Can there be a state in which you are investing energy in your relationship without it being work? I hear people talking about working hard in their marriage and it just doesn’t seem like fun. What if you invest energy from a place of excitement and creating together? What does a daily practice of attachment look like? There are three qualities that are useful in thinking of a daily practice of being connected to your partner.
The first step in staying attached is awareness. What is happening in your body? How are you feeling? What are you thinking? Starting with awareness with yourself is important before jumping over to checking in with your beloved.
I like the whole concept of inquiry. It is the act of asking for information, investigating what is going on. Inquiry is a neutral space in which a person is encouraged to unfold and share their process. It’s not judgmental, you aren’t simply waiting to have your turn to talk, but you are really receiving what your partner is saying. The most important thing about inquiry is that it come from a place of curiosity. When we are making assumptions in our relationships we stop the flow of curiosity and in the moment discovery. If you are creating a beautiful relationship together—like two artists– there has to be curiosity. If artists get into a space where they judge or hate what they are creating—it stops the creative flow.

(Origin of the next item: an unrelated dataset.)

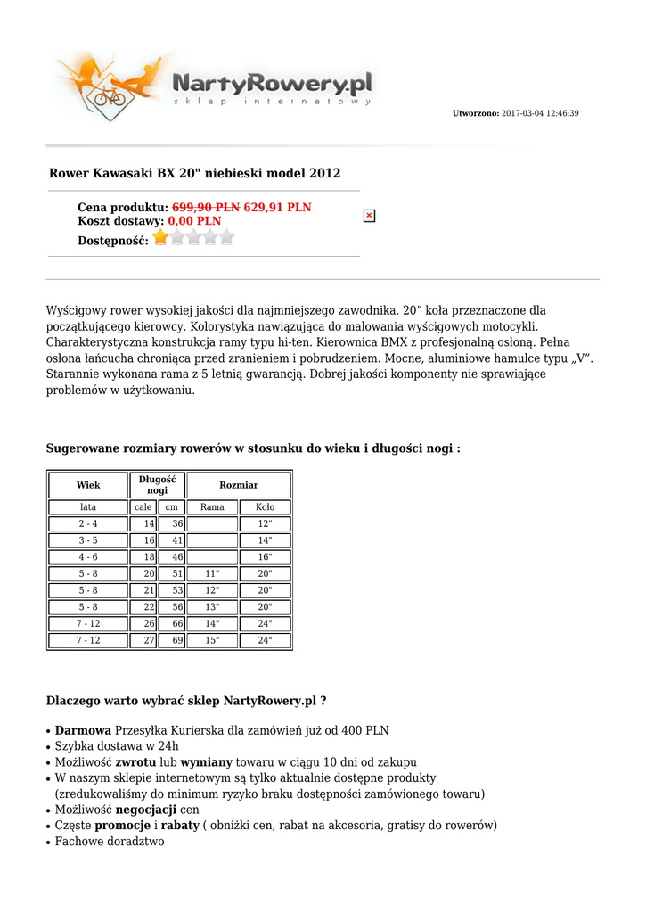 Utworzono: 2017-03-04 12:46:39 Rower Kawasaki BX 20" niebieski model 2012 Cena produktu: 699,90 PLN 629,91 PLN Koszt dostawy: 0,00 PLN Dostępność: Wyścigowy rower wysokiej jakości dla najmniejszego zawodnika. 20” koła przeznaczone dla początkującego kierowcy. Kolorystyka nawiązująca do malowania wyścigowych motocykli. Charakterystyczna konstrukcja ramy typu hi-ten. Kierownica BMX z profesjonalną osłoną. Pełna osłona łańcucha chroniąca przed zranieniem i pobrudzeniem. Mocne, aluminiowe hamulce typu „V”. Starannie wykonana rama z 5 letnią gwarancją. Dobrej jakości komponenty nie sprawiające problemów w użytkowaniu. Sugerowane rozmiary rowerów w stosunku do wieku i długości nogi : Wiek lata Długość nogi cale cm Rozmiar Rama Koło 2-4 14 36 12" 3-5 16 41 14" 4-6 18 46 16" 5-8 20 51 11" 20" 5-8 21 53 12" 20" 5-8 22 56 13" 20" 7 - 12 26 66 14" 24" 7 - 12 27 69 15" 24" Dlaczego warto wybrać sklep NartyRowery.pl ? ● ● ● ● ● ● ● Darmowa Przesyłka Kurierska dla zamówień już od 400 PLN Szybka dostawa w 24h Możliwość zwrotu lub wymiany towaru w ciągu 10 dni od zakupu W naszym sklepie internetowym są tylko aktualnie dostępne produkty (zredukowaliśmy do minimum ryzyko braku dostępności zamówionego towaru) Możliwość negocjacji cen Częste promocje i rabaty ( obniżki cen, rabat na akcesoria, gratisy do rowerów) Fachowe doradztwo ● ● ● ● ● ● Pozytywne opinie w niezależnych serwisach m.in. Opineo, Allegro i porównywarkach cen Możliwość zakupu na raty - obsługujemy systemy Żagiel i Cetelem Sprzedajemy rowery wyregulowane i przesmarowane Do każdego zamówienia otrzymasz paragon lub fakturę stanowiący podstawę gwarancji Szczegółowe informacje o statusie zamówienia i wysyłce na adres e-mail podany w zamówieniu Obsługujemy płatności internetowe i Paypal Dołożono wszelkich starań, aby opisy i zdjęcia produktów były dokładne i aktualne. Specyfikacje i ceny mogą ulec zmianie bez uprzedzenia Płeć Dziecięcy Przeznaczenie Dla dzieci Widelec/ amortyzator - Manetki - Przerzutka przód - Przerzutka tył - Kaseta/ wolnobieg - Korbowód - Pedały - Hamulce - Piasta przód - Piasta tył - Obręcze - Szprychy - Kolekcja 2012 Opony - Stery - Mostek - Kierownica - Chwyty - Siodło - Sztyca - Waga - Rama - Hamulce - Damper - Pegi - Ilość biegów - Łańcuch - Gwarancja - Adres: http://nartyrowery.pl/ Telefon: 34 365 66 09, 793 61 04 29 Email: [email protected] Gadu-Gadu: Skype:

This is what we are aiming for in relationship artistry—a creative flow in which you create a union that serves you both, a vital connection. It is important to be honest and truthful while also being kind. Talk in “I” statements whenever possible, own your experience don’t put it on other people, “You abandoned me” could become “I felt really sad when you left on Saturday.” This can become an ongoing state in which of awareness (checking in), inquiry (unpacking what’s going on) and curiosity.